What you should do – Transcribe the following entries word for word; no picture is to appear in the copy.

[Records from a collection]
● ● ● ● ●

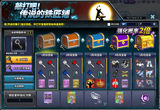 [强化]钥匙和打开宝箱所需的传说的锤子数量根据当前钥匙阶段来决定。
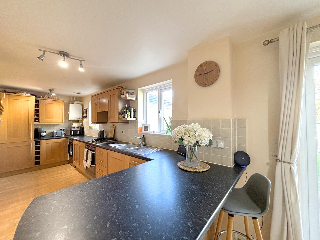 Downstairs, the kitchen/dining room is a real highlight — a spacious, sociable room designed with family life in mind. There is ample space for a dining table, doors opening directly onto the garden, and a breakfast bar that’s perfect for entertaining, homework time or busy mornings. A separate sitting room provides a calm and comfortable retreat, complemented by a convenient ground floor cloakroom. The property also benefits from a useful integral garage.
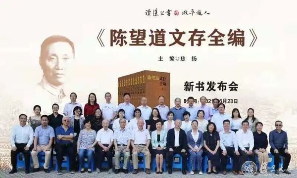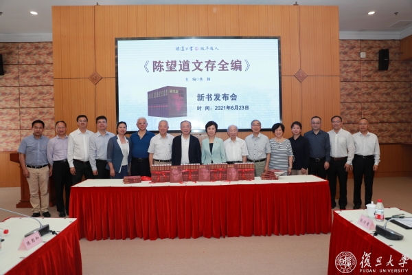 校党委书记、《陈望道文存全编》主编焦扬,第十届上海市政协副主席、上海市教育发展基金会理事长、本书顾问委员会委员王荣华,复旦大学原党委书记、新闻学院教授、本书顾问委员会委员秦绍德,信息科学与工程学院教授、陈望道之子陈振新,国际文化交流学院教授、陈望道学生陈光磊,文科资深教授、校图书馆馆长陈思和,复旦大学出版社党委书记、董事长严峰共同为新书揭幕。校党委副书记许征主持此次活动。出席活动的还有复旦大学教师、陈望道儿媳朱良玉,上海市教育发展基金会秘书长张宏莲等。
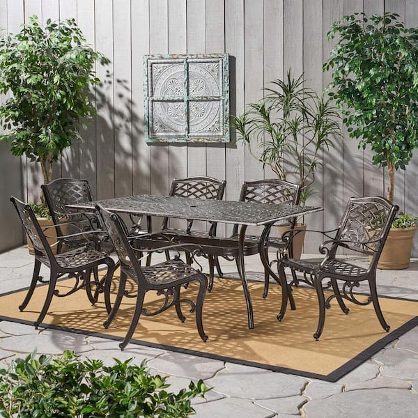 7-Piece Metal Outdoor Dining Set with Rectangular Table, Bronze
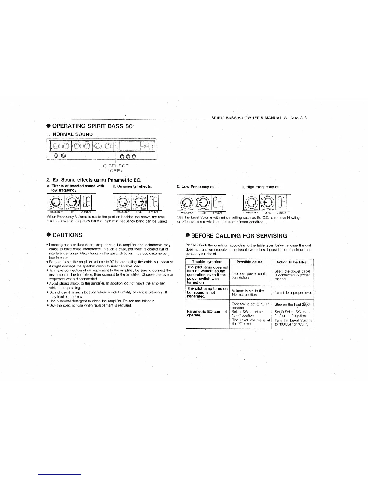 Roland 30 - Spirit Bass 50 Operation; Parametric EQ Sound Effects (50 W); Spirit Bass 50 Cautions; Operating Safety Precautions

● ● ● ● ●

Answer box –
 [强化]钥匙和打开宝箱所需的传说的锤子数量根据当前钥匙阶段来决定。
 Downstairs, the kitchen/dining room is a real highlight — a spacious, sociable room designed with family life in mind. There is ample space for a dining table, doors opening directly onto the garden, and a breakfast bar that’s perfect for entertaining, homework time or busy mornings. A separate sitting room provides a calm and comfortable retreat, complemented by a convenient ground floor cloakroom. The property also benefits from a useful integral garage.
 校党委书记、《陈望道文存全编》主编焦扬,第十届上海市政协副主席、上海市教育发展基金会理事长、本书顾问委员会委员王荣华,复旦大学原党委书记、新闻学院教授、本书顾问委员会委员秦绍德,信息科学与工程学院教授、陈望道之子陈振新,国际文化交流学院教授、陈望道学生陈光磊,文科资深教授、校图书馆馆长陈思和,复旦大学出版社党委书记、董事长严峰共同为新书揭幕。校党委副书记许征主持此次活动。出席活动的还有复旦大学教师、陈望道儿媳朱良玉,上海市教育发展基金会秘书长张宏莲等。
 7-Piece Metal Outdoor Dining Set with Rectangular Table, Bronze
 Roland 30 - Spirit Bass 50 Operation; Parametric EQ Sound Effects (50 W); Spirit Bass 50 Cautions; Operating Safety Precautions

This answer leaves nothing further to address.